Этап | Команда | Что делала |
1 | fastqc chr8.fastq | Составляет отчёт о качестве |
2 | java -jar trimmomatic.jar SE -phred33 chr8.fastq chr8_1.fastq TRAILING:20 MINLEN:50 | Отрезает нуклеотиды с нужными параметрами |
3 | hisat2-build chr8.fasta chr8_ind | Индексирует референсную последовательность |
4 | hisat2 -x chr8_ind -U chr8_1.fastq --no-spliced-alignment --no-sp > align.sam | Строит выранивание референса и прочтения |
5 | samtools view align.sam -bo align.bam | Переводит в бинарный формат |
6 | samtools sort align.bam -o align_sorted.bam | Сортирует по координате |
7 | samtools index align_sorted.bam | Индексирует выравнивание |
8 | samtools mpileup -uf chr8.fasta align_sorted.bam -o SNP.bcf | Создает файл с полиморфизмами |
9 | bcftools call -cv SNP.bcf -o SNP.vcf | Создает список отличий |
10 | perl convert2annovar.pl -format vcf4 SNP_1.vcf > SNP_1.av | Конвертирует в формат, необходимый для ann |
11 | perl annotate_variation.pl -out snp_1.out -build hg19 SNP_1.av /nfs/srv/databases/annovar/humandb/ | refgene - gene-based annotation |
12 | perl annotate_variation.pl -filter -dbtype snp138 -out snp_2.out -build hg19 SNP_1.av /nfs/srv/databases/annovar/humandb/ | dbsnp - filter-based annotation |
13 | perl annotate_variation.pl -filter -dbtype 1000g2014oct_all -out snp_3.out -buildver hg19 SNP_1.av /nfs/srv/databases/annovar/ | 1000 genomes - filter-based annotation |
14 | perl annotate_variation.pl -regionanno -dbtype gwasCatalog -out snp_4.out -build hg19 SNP_1.av /nfs/srv/databases/annovar/h | Gwas - region-based annotation |
15 | perl annotate_variation.pl -filter -dbtype clinvar_20150629 -out snp_5.out -buildver hg19 SNP_1.av /nfs/srv/databases/annovar/ | Clinvar - filter-based annotation |
Здесь вы можете найти страницу с отчётом FastQC по чтениям до очистки. C помощью программы Trimmomatic была проведена очистка чтений: с конца каждого чтения были отрезаны нуклеотиды с качеством ниже 20 (TRAILING:20) и оставлены только чтения длиной не меньше 50 нуклеотидов (MINLEN:50). После чего опять была использована программа FastQC.
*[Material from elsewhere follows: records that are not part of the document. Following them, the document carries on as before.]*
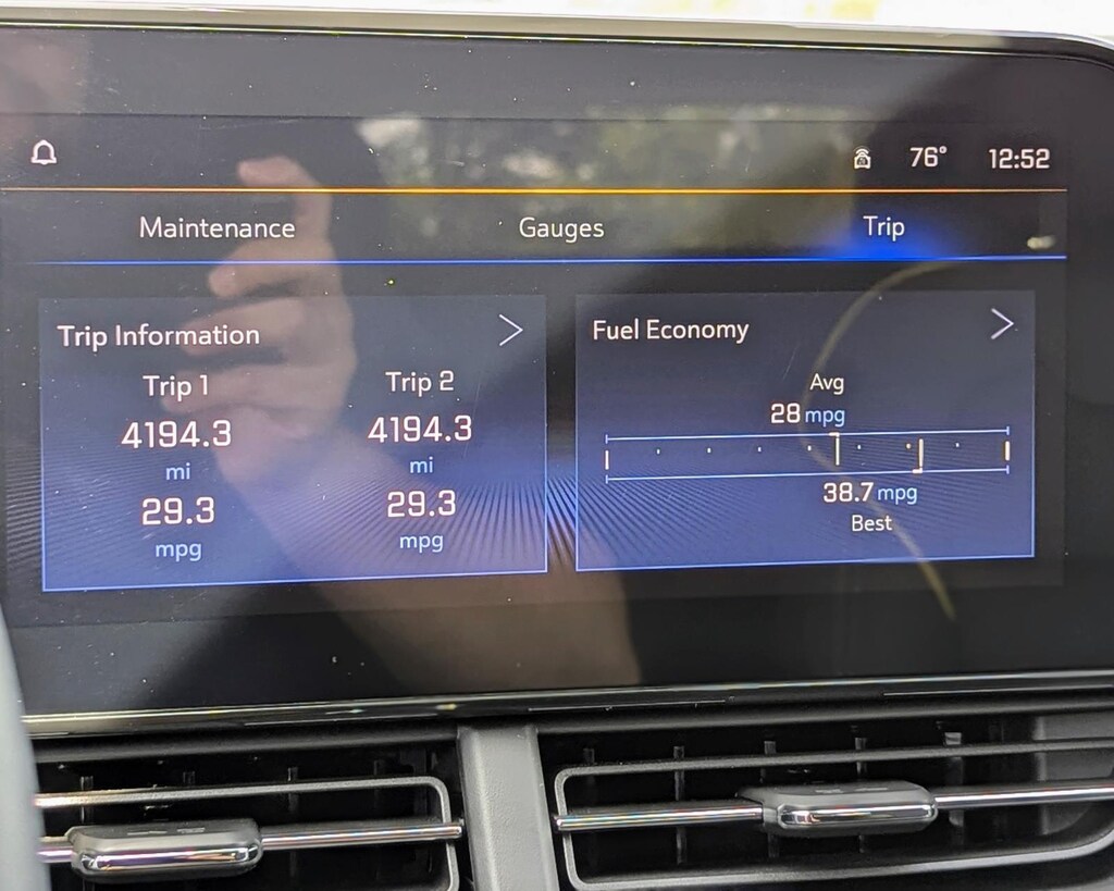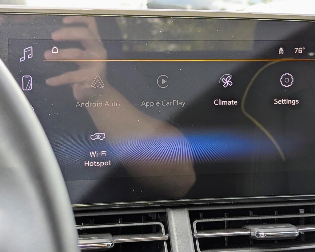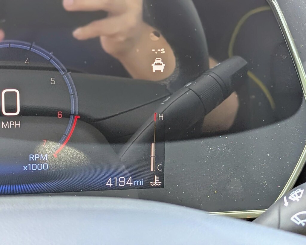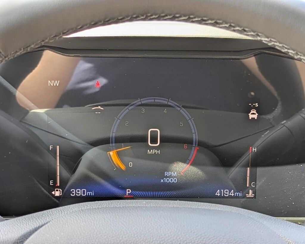 - The vehicle is equipped with a camera that displays an image of the area behind the vehicle on an interior display.
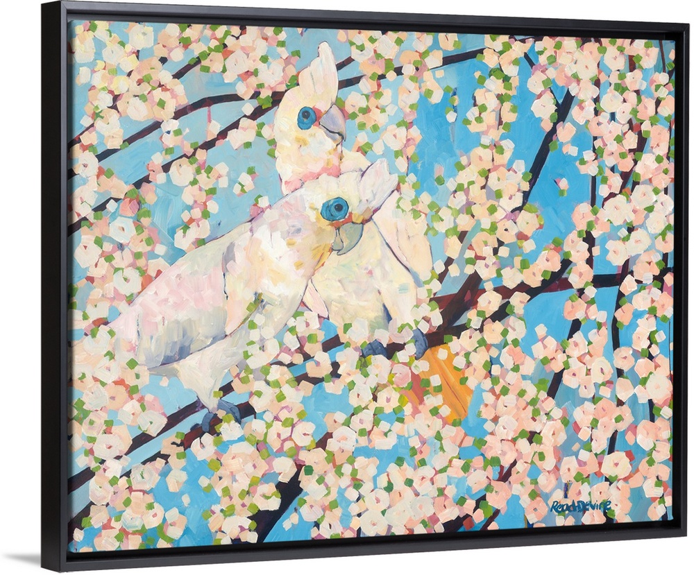 <p>Impressionist painting of two white cockatoos sitting in a tree with white blossom and a background of blue sky.</p>
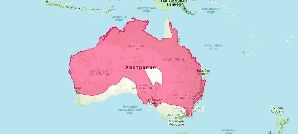 По всей Австралии, даже в суровой центральной части страны. Отсутствуют на Тасмании.
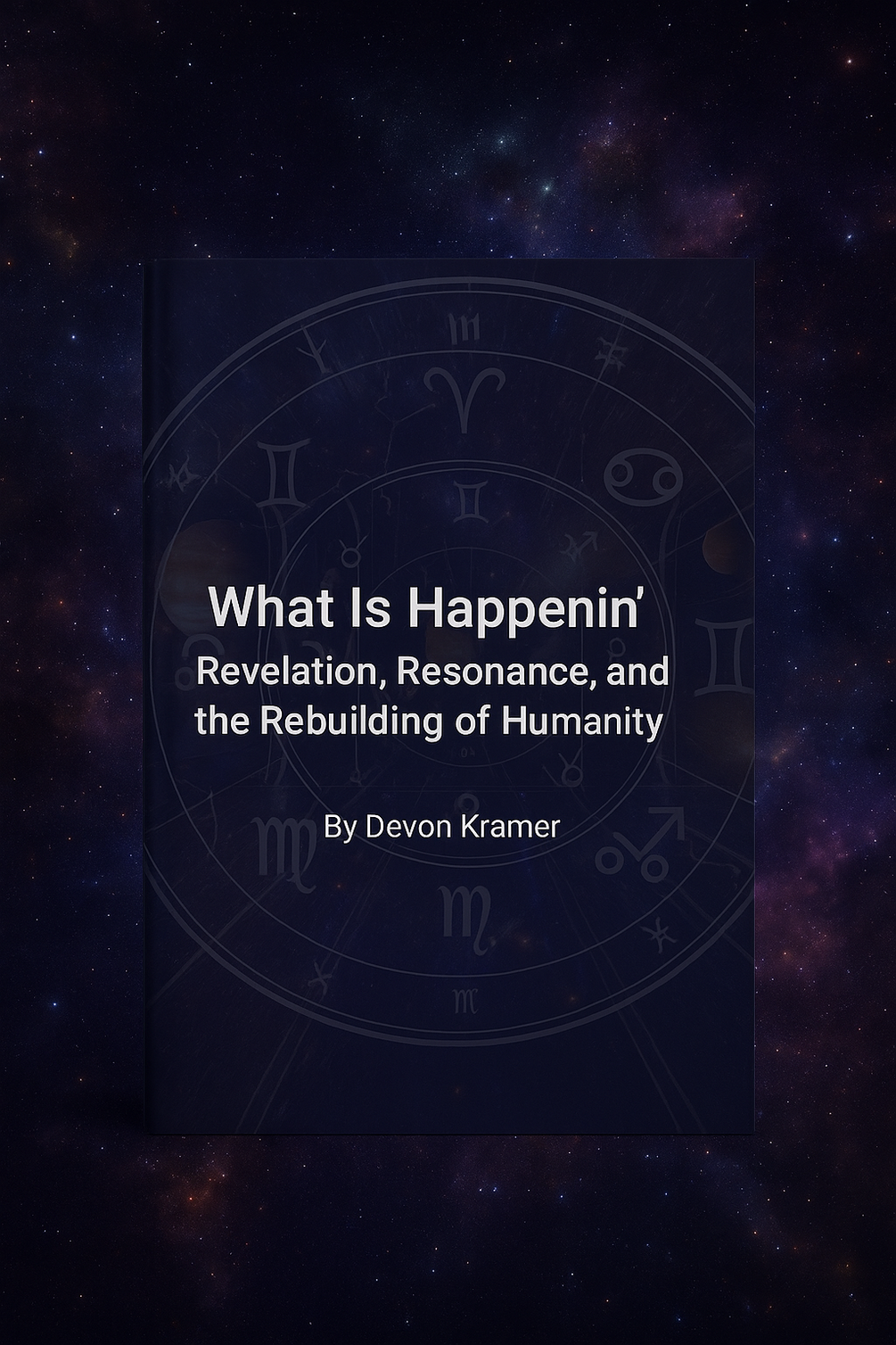 What Is Happenin’ – Revelation, Resonance, and the Rebuilding of Humanity is a spiritual and scientific chronicle of the seven-year pressure shift humanity is living through. Written by Devon Kramer, creator of the Unified Pressure Field (UPF), this work bridges prophecy, astrology, and advanced consciousness theory to show how biblical revelations mirror cosmic alignments and field mechanics.

Здесь лежит отчёт FastQC после.
Заметим, что после чистки Trimmomatic было оставлено 8227 чтений из 8367, которые удовлетворяли нашим параметрам и имели хорошее качество.
Всего было найдено 8227 рида. Из них 22 рида не было картировано, 7851 рида откартировано один раз, 354 рида откартировано более одного раза.
При картировании были использованны параметры: --no-softclip – запрет подрезания чтений и --no-spliced-alignment – картирование без разрывов, так как в геномной последовательности разрывов быть не должно.
Координата | Тип | Референс | Чтения | Глубина | Качество |
116424270 | Инсерция | A | AC | 30 | 55.456 |
76468309 | Делеция | GTTTTTTTTTTTT | GTTTTTTTTTT,GTTTTTTTTTTT | 76 | 115.457 |
116423490 | Замена | A | T | 40 | 179.999 |
В дополнение к таблице можно сказать, что было найдено 39 SNP и 2 инделя. Один из этих инделей не до конца определён.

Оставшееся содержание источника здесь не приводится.